# Concepto de fente simetrica



## gabizoratti (Sep 9, 2007)

si es posible quisiera que  me aclaren el concepto delas fuentes simétricas por ejemplo las que usan los amplificador operacionales. y alguna explicación sobre los reguladores de la serie lm 79xx saludos

gracias


----------



## Fogonazo (Sep 9, 2007)

La fuente simetrica se usa porque un circuito alimentado con esta puede tener excurciones de tension pos. y neg. respecto de maza, esto sin capacitor de aislacion de continua, tanto a la entrada como a la salida.
Esto mejora senciblemente la respuesta a frecuencias (Bajas)

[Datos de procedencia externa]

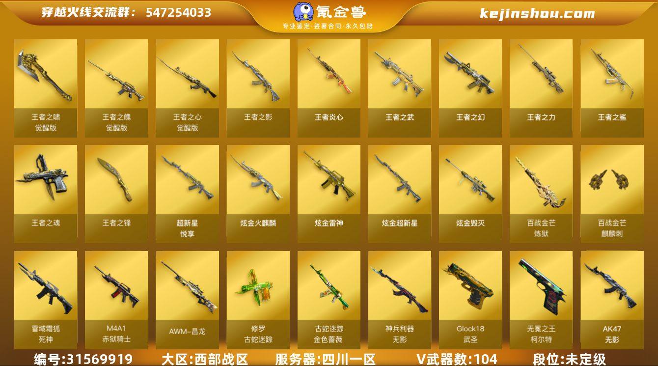 【自带包赔 最高三倍】:西部战区:四川一区-LV100-元首-未定级-104V-18王者武器数-6炫金武器数 【热门武器】:C.A.T,G36C-幻影,加特林-炼狱*6,M200-幻神,M4A1-黑骑士*2,QBZ03-金色蔷薇,Scar Light-白虎,死亡之眼,沙鹰-修罗*2,汤姆逊-烈龙*6,王者炎心,金色蔷薇-古蛇迷踪,修罗-古蛇迷踪 【王者炫金武器】:王者炎心,王者之鲨,王者之幻,王者之武,王者之影,王者之怒*2,王者之力,王者之魂,王者之锋,炫金火麒麟,炫金雷神,炫金武士*2,炫金超新星,炫金毁灭,超新星-悦享 【音效卡】:M200-幻神音效卡,AK47-火麒麟音效卡,M4A1-黑龙音效卡,M4A1-黑骑士音效卡,Barrett-毁灭音效卡,Barrett-极光音效卡,M4A1-雷神音效卡,屠龙-动感闪耀 音效卡,Barrett-碧霄极光音效卡*2,麒麟刺-百战金芒-盛典舞曲音效卡,白虎-盛典舞曲音效卡,炼狱-百战金芒-庆典舞曲音效卡,死神-雪域霜狐-怀旧音效卡,AWM-昌龙-怀旧音效卡 【皮肤】:AWM-天龙-传奇白鲨,幻神-丹凤*2,幻神-CFS2022,火麒麟-轻羽皮肤,火麒麟-平天大圣,毁灭-荣耀之怒,毁灭耀金皮肤,毁灭-冠军之怒,毁灭-CFS2020,黑骑士耀金皮肤,极光-高能霹雳 皮肤,烈龙-星空,雷神-能量核心,雷神-荣耀之魄,雷神-虎将,雷神-耀金皮肤,M4A1-黑龙-361,Scar Light-白虎-暗星,屠龙-荣耀之锋,无影耀金皮肤,AWM-裁决-百城联赛天津皮肤,裁决-羽掣 皮肤,裁决-运输船 皮肤,雷神-暗月,雷神-化蛇 皮肤,M4A1-再燃火线,雷神-神秘按键 皮肤,火麒麟-雷神,毁灭-英雄计划 皮肤,黑龙-能量核心,黑骑士-破界 皮肤,无影-能量核心,战神-粉色甜心皮肤,战神-紫绶金章皮肤*4,战神-流金岁月皮肤,屠龙-惊鸿 皮肤,轻型军用手斧-再燃火线 【角色】:青霞仙子,隼,蜀雪,王者凌霄(四防),樱,战地猎狐,雪域霜狐,蛇隐宗,空,初恋灵狐,电竞少女,...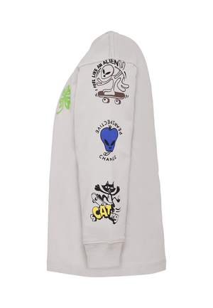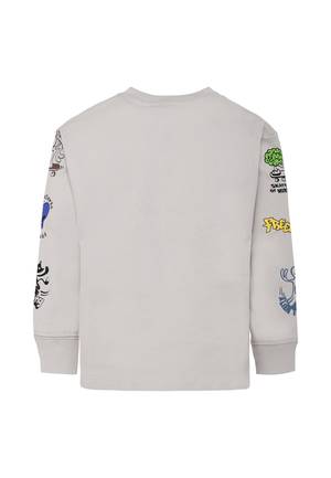 Boys > Clothing > Topwear > T-Shirts & Polo Shirts Grey t-shirt in GOTS certified organic cotton, with long sleeves, crew neck and ribbed cuffs. It is decorated with a clover print on the chest and multicoloured designs on the sleeves. 100% Organic Cotton. Machine wash at 30C.

En amplificadorfcadores de poder mejora el funcionamiento general al alimentar los picos musicales positivos con la fuente pos. y los picos negativos con la fuente correspondiente.  
Tambien ocurre que el rizado o deficiencia de filtrado de la fuente se cancela entre pos. y 
neg.


Los reguladores integrados serie 79xx y 78xx como su nombre lo indican "Regulan" (Estabilizan) una tension, es decir en su entrada existe una tension con un cierto margen de inestabilidad y rizado (Deficiencia de filtrado) y a su salida entregan una tension estable en el tiempo y sin rizado, ademas cuentan con proteccion propia contra cortocircuitos y/o sobrecalentamiento. La seri 78xx regulan positivo y la 79xx negativo, valores siempre respecto de maza.


----------